Sie wollte dieses Kind nicht, aber es war ihr Kind, und sie trug die Verantwortung. Hatten ihre bösen Gedanken dafür gesorgt, dass etwas nicht mehr stimmte? War sie dabei, ihr Kind zu ermorden, weil sie es nicht lieben konnte. Panik kletterte in ihr hoch.

„Die Medizin ist inzwischen in der Lage, vor der Geburt Operationen im Uterus vorzunehmen. Bleiben Sie ganz ruhig, Frau Hildebrandt! Noch ist es nur ein Verdacht, und ich möchte Dr. Holl nicht vorgreifen. Vielleicht liege ich falsch, und er sieht andere Therapiemöglichkeiten oder findet, dass wir abwarten sollten. Auf jeden Fall müssen Sie umgehend zu ihm gehen. Er praktiziert in der Berling-Klinik hier in München und ist zugleich auch der Leiter der Klinik.“

Der Frauenarzt überlegte kurz und griff dann zum Telefon.

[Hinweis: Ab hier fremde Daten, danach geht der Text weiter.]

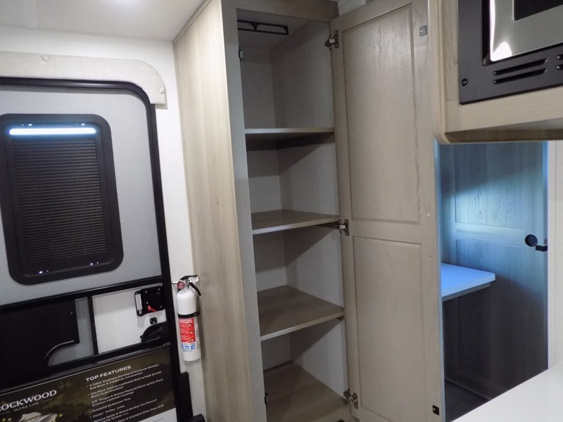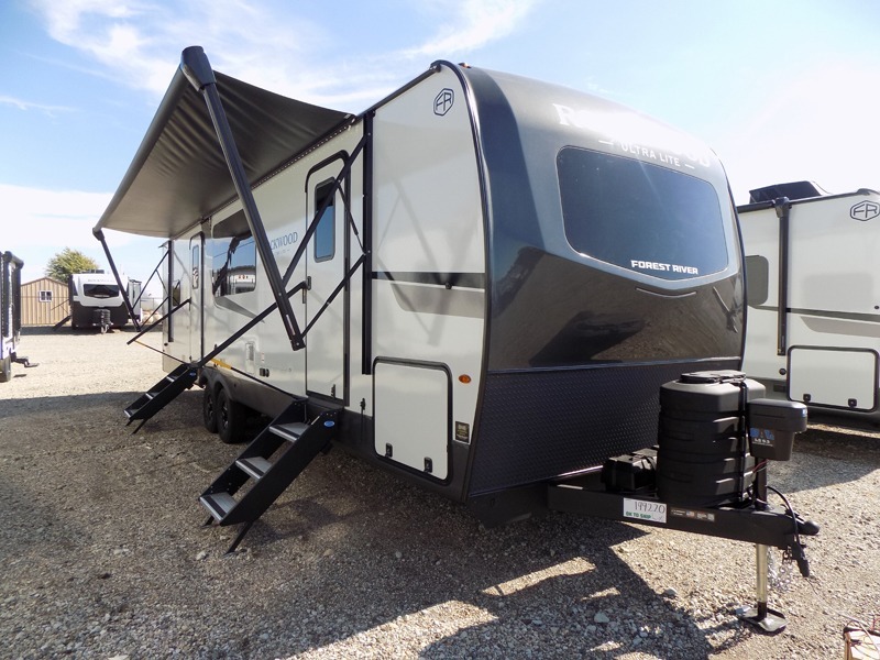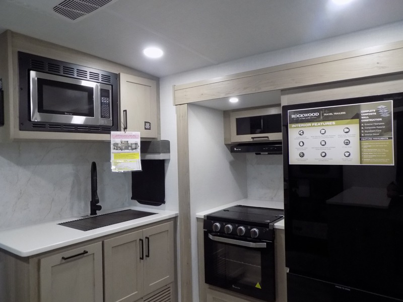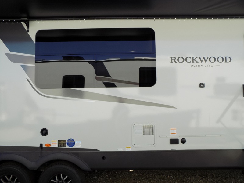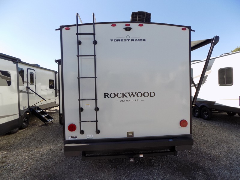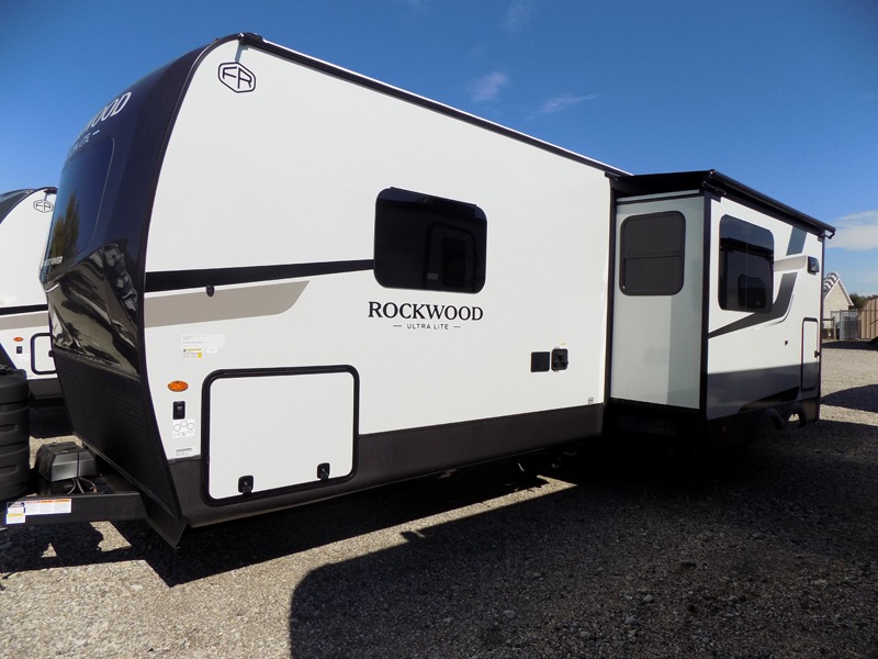 Each Rockwood Ultra Lite travel trailer by Forest River includes superior construction with a high gloss fiberglass cap, aluminum cage construction, and a power awning with LED lighting for a cozy and functional outdoor space. The torsion axle, power tongue jack will make towing smooth and hassle-free, along with the nitrogen filled, Goodyear Endurance tires and the tire pressure monitor system. Interior comforts include kitchen sink with high rise faucet, hidden hinge cabinet doors, and roller shades to name a few. Choose a Rockwood Ultra Lite travel trailer today!
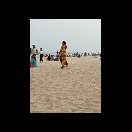 IMAGE1: Amidst the bustling Marina Beach, a lone woman walks with purpose, her sari flowing in the breeze. She carries a bag of essentials, embodying resilience and routine, contrasting the relaxed leisure of beachgoers around her.
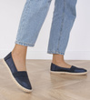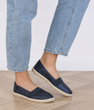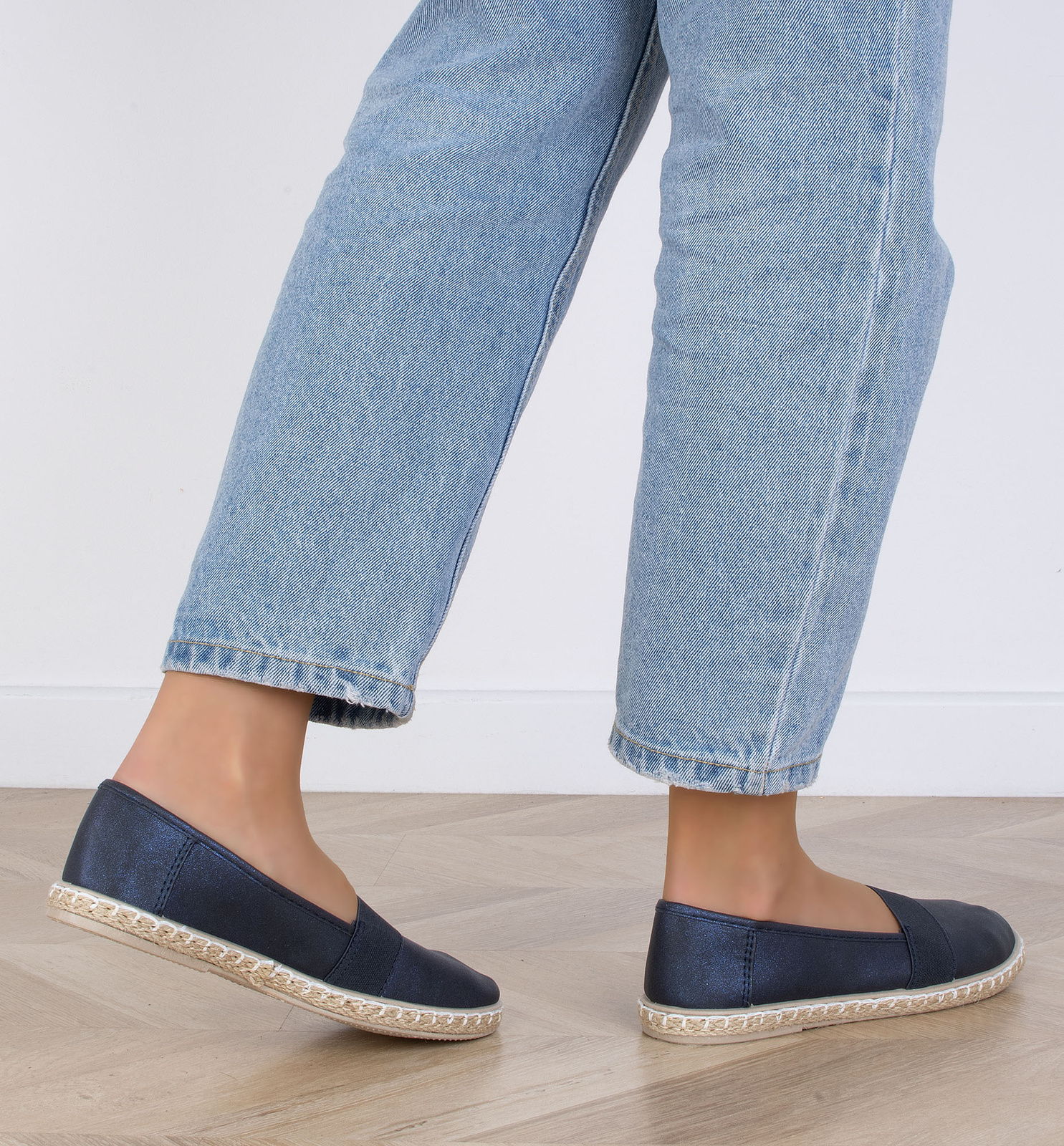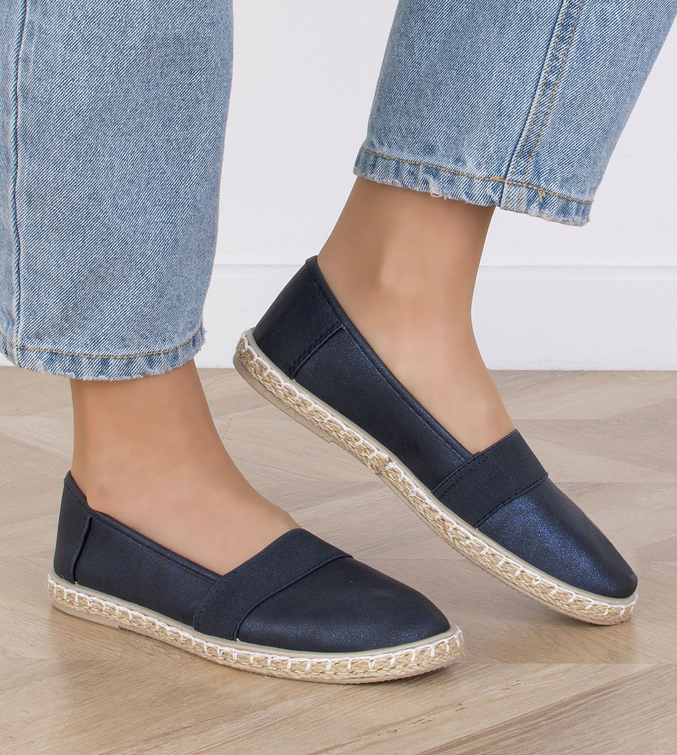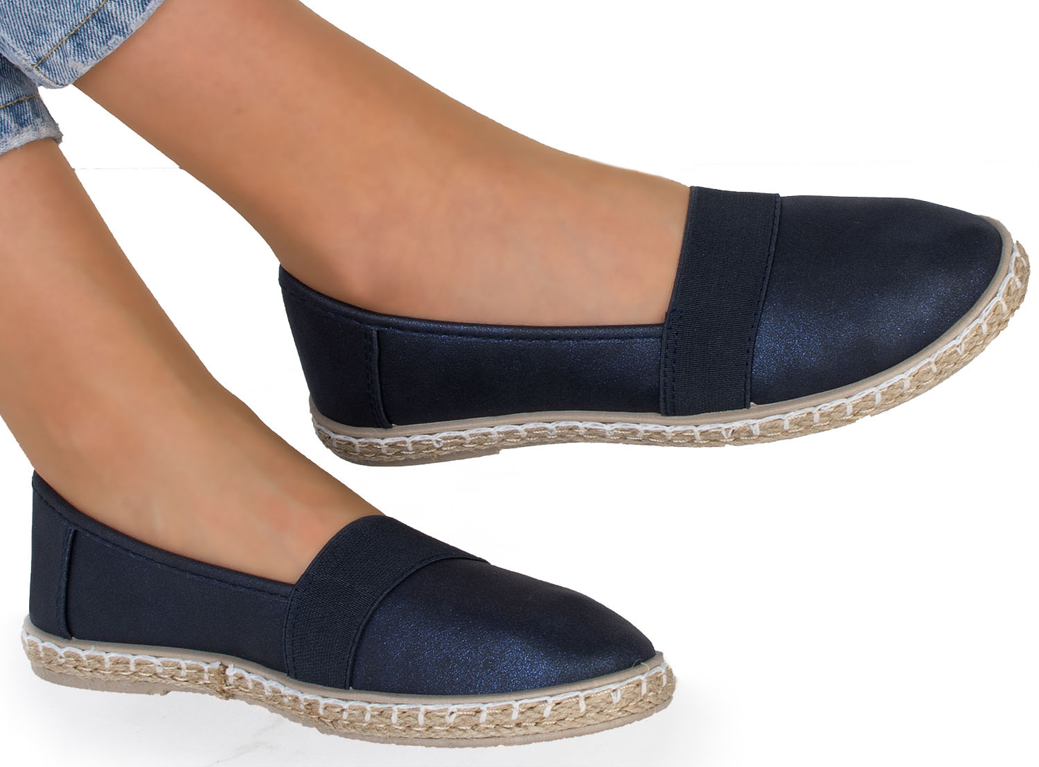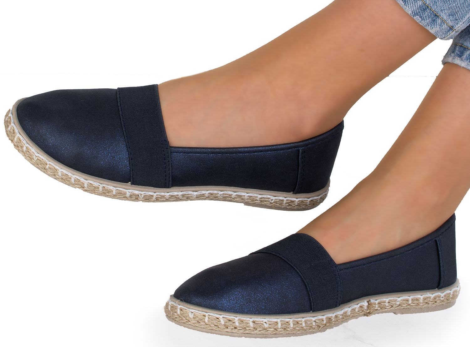Granatowe espadryle balerinki to idealne obuwie na ciepłe letnie dni. Klasyczny fason balerinek połączony z lekką podeszwą w stylu espadryli tworzy wygodne i stylowe obuwie, które doskonale sprawdzi się w letnich stylizacjach.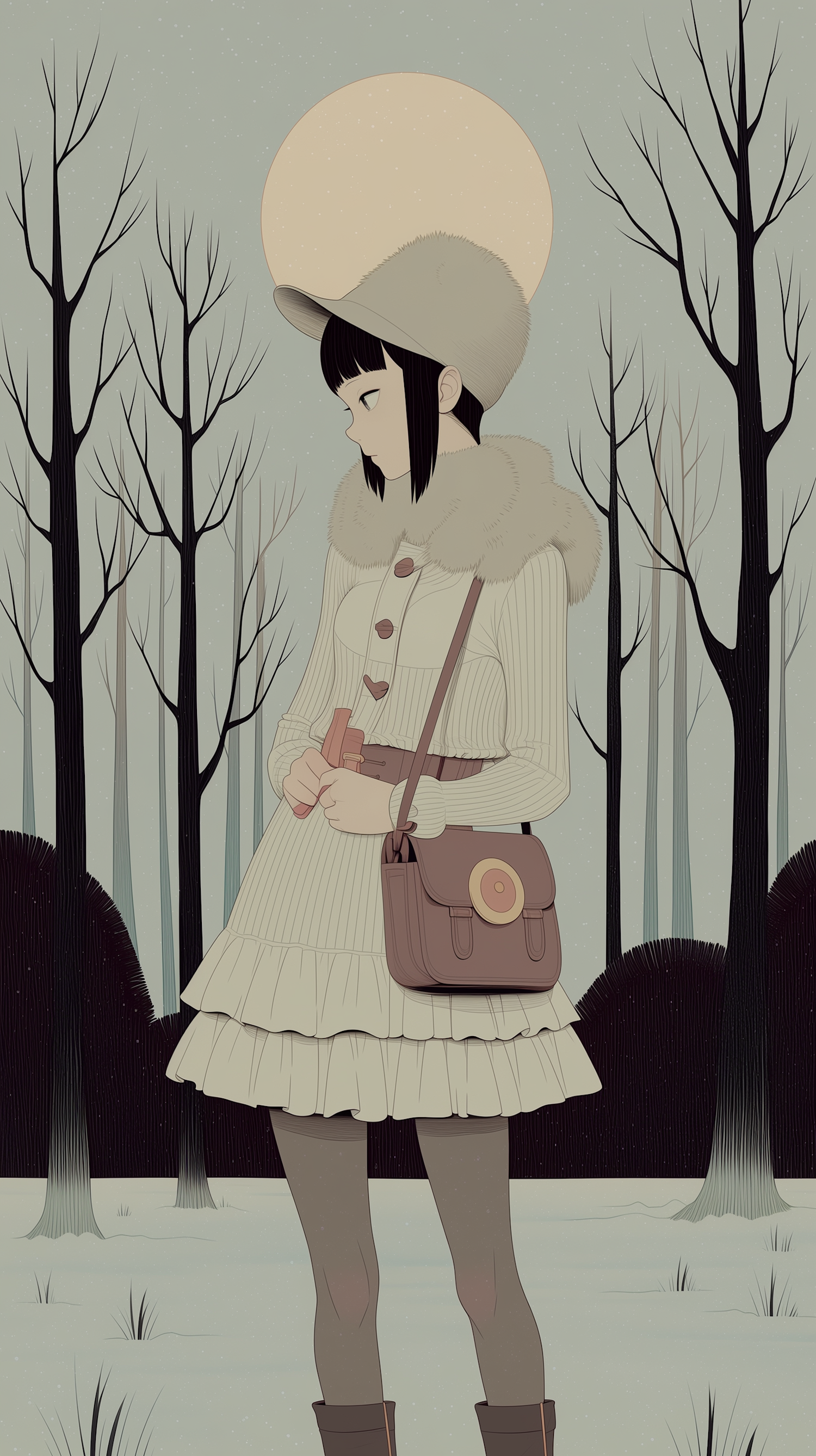 Stylized illustration of a woman in a winter forest, wearing a white dress and fur-trimmed coat, with a glowing moon in the background.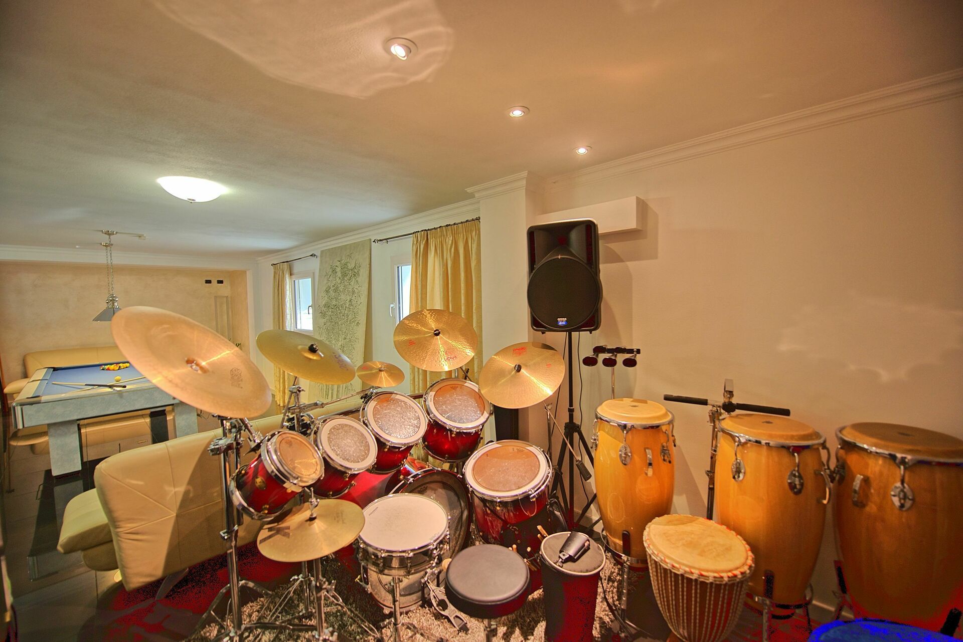 Behalve de aandacht die is betracht bij de inrichting van de villa, is ook zeer veel aandacht geschonken aan het multimediale aspect van de inrichting: via Bluetooth kan men met de smartphone, of met zijn tablet zijn eigen muziek in het hele huis afspelen en daarvan genieten. Op een mooi groot beeldscherm en een goed stereosysteem, kan men films bekijken zoals in de bioscoop en in een oefenruimte kan men op professioneel slagwerk spelen, een keyboard, microfoons en er is een karaoke installatie aanwezig. In een speelzaal is er een biljart en een tafelvoetbalspel.

„Am besten rufe ich gleich selbst an und mache einen Termin für Sie. Das muss schnell gehen, und Dr. Stefan Holl ist ein begehrter Spezialist. Sie sind ein Notfall und brauchen umgehend einen Termin.“

„Aber was ist denn überhaupt los?“ Anja stiegen Tränen in die Augen. Das hatte sie nicht gewollt. Sie war wütend und überfordert und wollte ihr Leben zurück, wie es vor der Affäre mit Klaus gewesen war – ohne dieses Kind. Aber trotz alldem hatte sie ihrem Kind nicht schaden wollen.

„Ihr Baby hat sich ungeschickt gedreht, und dabei hat sich die Nabelschnur um seine Beine gewunden. Ein Bein droht hoch am Oberschenkel und das andere am Knie abgeschnürt zu werden. Ihr Baby könnte beide Beine verlieren und Schlimmeres“, teilte der Arzt ihr mit.

Entsetzt sah sie ihn an. Das durfte nicht geschehen! Ihr Kind musste gesund zur Welt kommen. Sie schwor sich, alles für dieses kleine Leben zu tun. Zur Not würde sie die Kraft aufbringen, sich dem Gerede der Leute zu stellen und es wegzugeben, wenn sie nicht lernte, es zu lieben. Es musste gesund zur Welt kommen! Das war sie ihm schuldig.

„Wie gesagt, Dr. Holl hat technisch andere Möglichkeiten, die Diagnose zu bestätigen. Hoffen wir, er gibt Entwarnung“, beruhigte sie der Frauenarzt und war trotz des Ernstes der Lage erleichtert. Anja Hildebrandt hatte eindeutig Probleme damit, ihre Schwangerschaft anzunehmen, aber ihr Baby war ihr nicht gleichgültig. War das Kleine erst einmal da, würde sie es lieben, davon war er nun überzeugt.